REHN Enterprises Ltd. (the “Employer”), a small forestry company, had appointed a third party named Global Total Care (“GTC”) as its agent to manage employee work absences resulting from injury or illness.
The Employer required employees to communicate with and provide medical information directly to GTC. When one union member refused to sign a release allowing his personal physician to discuss medical information directly with GTC, the Employer filed a policy grievance.
Arbitrator Richard Coleman dismissed the Employer’s policy grievance as the requirement to provide medical information directly to GTC could adversely affect employees’ privacy rights under the Personal Information Protection Act (PIPA) and the Collective Agreement.
Sections 4 and 34 of PIPA protect employees’ information that is shared with a second organization carrying out work on behalf of the first organization. However, those protections are limited by the language of PIPA to organizations who have “control” of the information in the first instance.
Thus bypassing the Employer and going directly to GTC would potentially undermine the employee’s rights under PIPA and the Collective Agreement. As stated by Arbitrator Coleman at paragraphs 34-36:
It is an extraordinary circumstance to require a person to share personal medical information with a party with whom they have no direct relationship; and I must presume that it is no accident that the legislature made specific provision for the original organization in control of the information—and with whom the person does have a direct relationship—to share that information (sec. 12(2) for defined purposes, but at the same time requiring the original organization to retain responsibility for security (secs. 4 and 34). Under that regimen, if Rehn was the initial recipient of the information, it could be held accountable for that security, through the collective agreement. But Rehn seeks to have the employee communicate directly with GTC, cutting Rehn out of the loop entirely. The latter would never have custody of the individual’s personal medical information, and thereby, in my view, would not, in any reasonable interpretation of the Act, be considered to be in “control” of the information.

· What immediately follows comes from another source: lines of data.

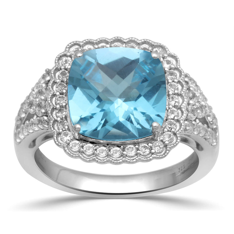 Details: Sterling Silver 10 X 10mm Cushion London Blue Topaz and White Topaz Ring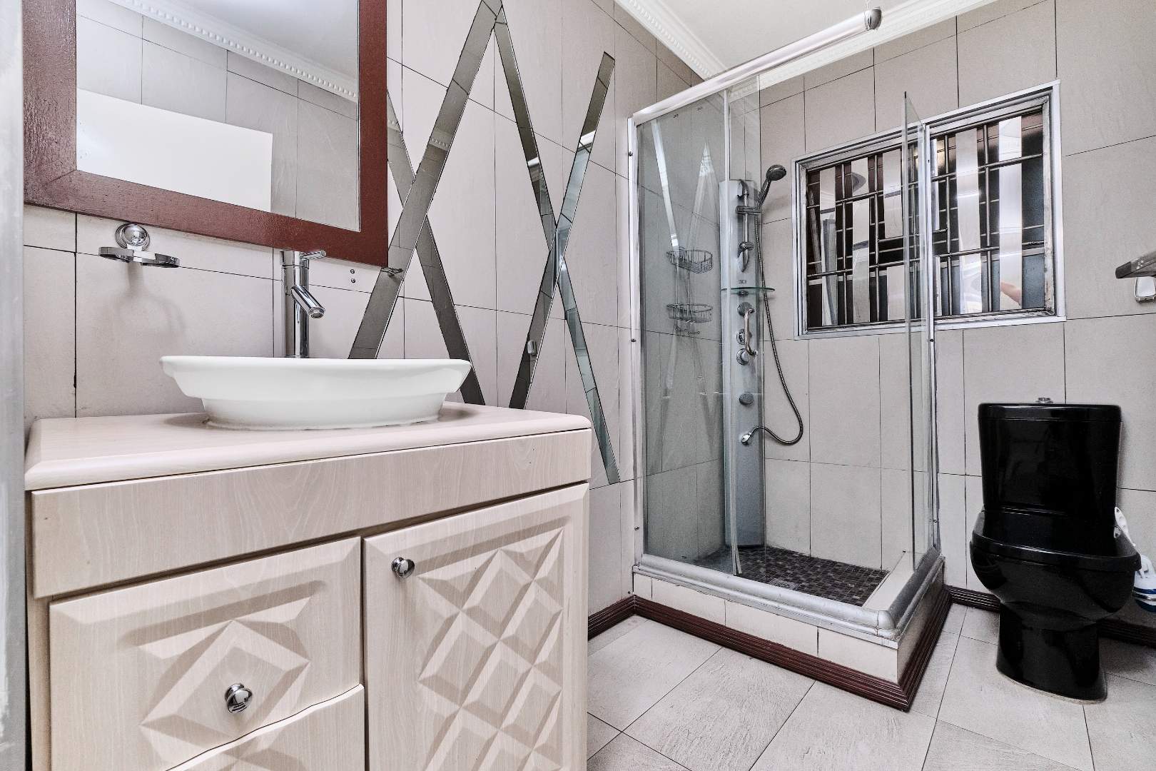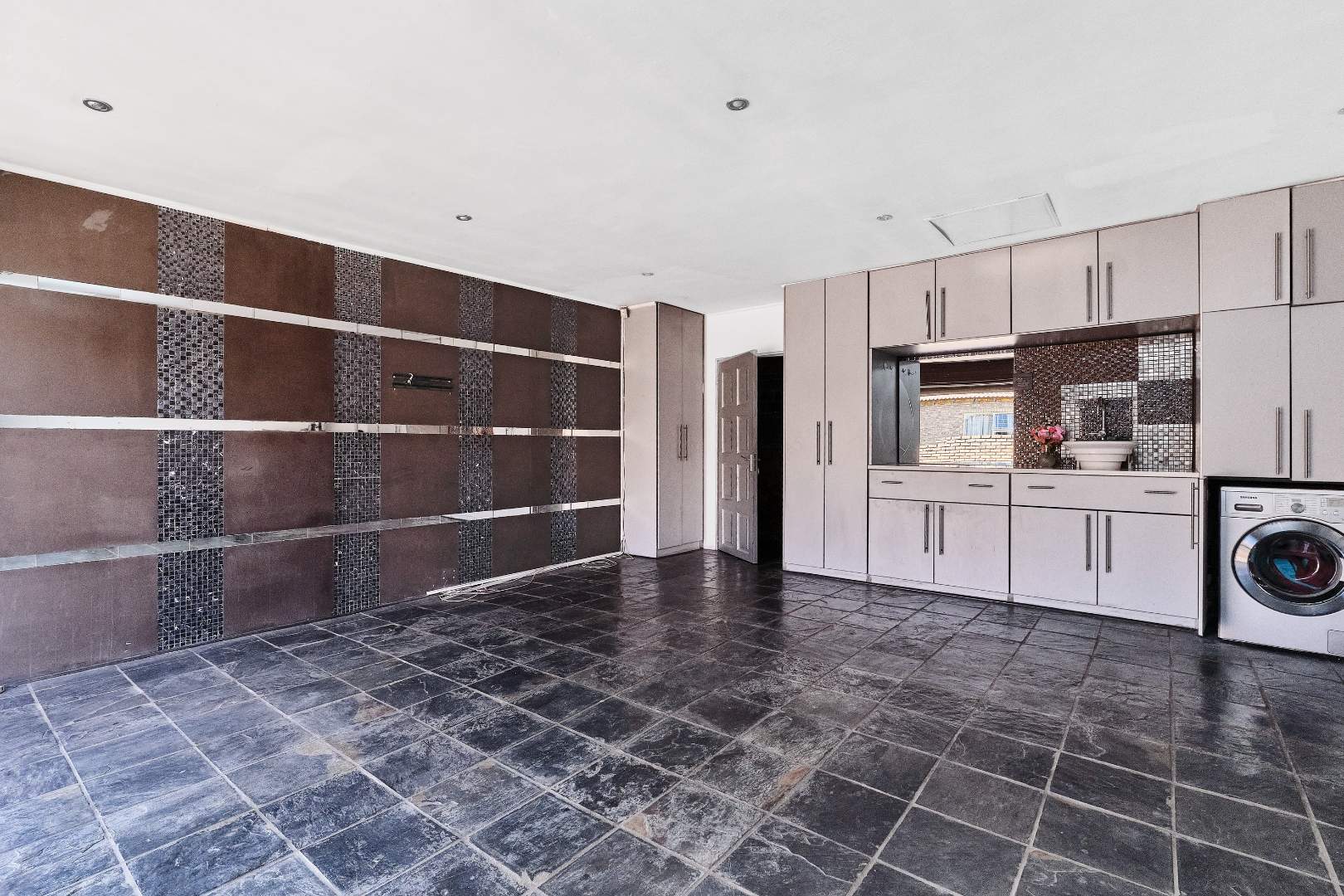 A unique feature of this property is the double garage, also renovated with built in cupboards and tiles. This space is equipped with slate tiles, grey wood cupboards, a basin, an air-conditioning unit, and downlights. Should you prefer, it can easily be unitilised as a fourth bedroom, extra lounge area or possible home gym. Additionally, there are two exclusive parking bays and ample visitor parking for convenience.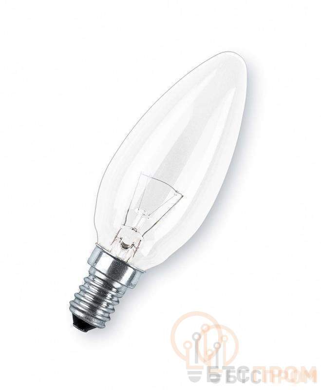 Лампа накаливания OSRAM формы свеча 40Вт. Прозрачная колба, цоколь Е14. Лицензиатом торговой марки OSRAM в общем освещении является компания LEDVANCE.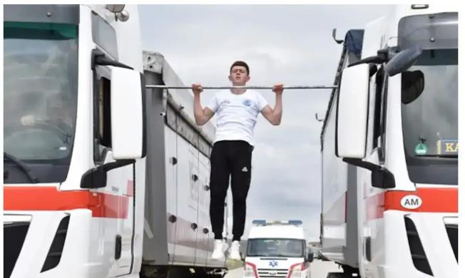 Một thanh niên Armenia đã thể hiện sức mạnh phần thân trên của mình bằng cách thực hiện 44 động tác kéo xà đơn trên một thanh xà đặt giữa hai xe tải đang di chuyển.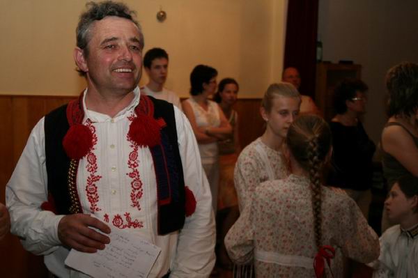 Předseda verbířské poroty Josef Bazala se Starého Města. Fešák, co říkáte? Jen pro zajímavost, druhý den jsem se byl podívat v Kunovicích na soutěž dětských verbířů a také tam nechyběl. Když odbočím do Kunovic, strašně se mi líbilo, jak se tamní porota, včetně pana Bazaly, věnovala malým klukům, jak jim vysvětlovala, v čem se mají zlepšovat, jak mají na sobě pracovat. To byl, vážení čtenáři, požitek.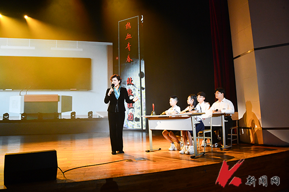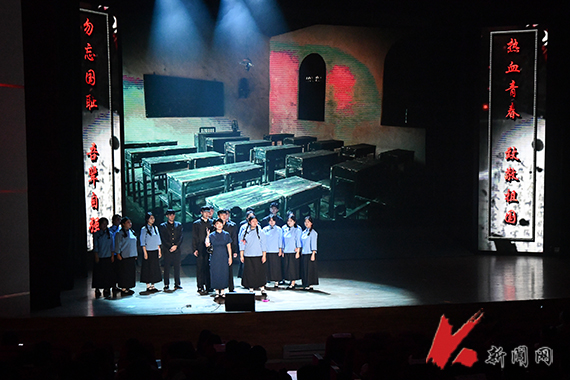 随着手摇上课铃声响起,“今课堂”带领师生们在80年的光阴中穿梭往返,回味那些难忘的峥嵘岁月和奋斗不息的青春。经典抗日歌曲《松花江上》,以苍凉旋律唤醒“勿忘国耻”的集体记忆。《救亡进行曲》唱出了“天下兴亡,匹夫有责”的担当与爱国情怀,振奋人心、鼓舞士气。《弹起我心爱的土琵琶》《毛主席的话儿记心上》等红色经典影片中的插曲,传递出游击队员在艰苦环境中的坚强意志和乐观精神。波澜壮阔的中国抗战史,就是一部英雄史,快板表演《白山黑水英雄谱》歌颂了杨靖宇、赵一曼、赵尚志在中国人民艰苦卓绝的浴血奋战中,用鲜血和生命筑起拯救民族危亡、捍卫民族尊严的钢铁长城的英雄事迹。情景剧《出征》里,老槐村的热血青年挺身而出,挥洒青春,他们没有走上回家的路,但铺出了一条山河无恙、草木葱茏的路。配乐朗诵《英雄》深情豪迈,情感真挚地表达了英雄没有高低贵贱之分,只要背上有傲骨,只要胸中有担当,都可以成为这个伟大复兴时代响当当的英雄。压轴曲目《请党放心 强国有我》唱出青春最美的模样,铿锵誓言在舞台上空回响,将课堂气氛推向高潮。活动中,师生们深情演绎,铭记历史,缅怀先烈,弘扬伟大抗战精神,共同完成了一次关于信仰、关于理想、关于家国的深情对话,彰显新时代青年的使命担当。

Were Rehn employees compelled to hand over their private and personal medical information directly to GTC, “an employee who might be adversely affected by the policy [would be deprived] from exercising the full extent of his or her rights under the collective agreement.” Namely: holding their employer accountable for the protection of the private information collected by the agent.
Although the parties could negotiate an agreement allowing GTC to deal with injury management that contained mutually acceptable rules and restrictions, absent such agreement the Employer could not unilaterally force employees to provide medical information directly to a third party.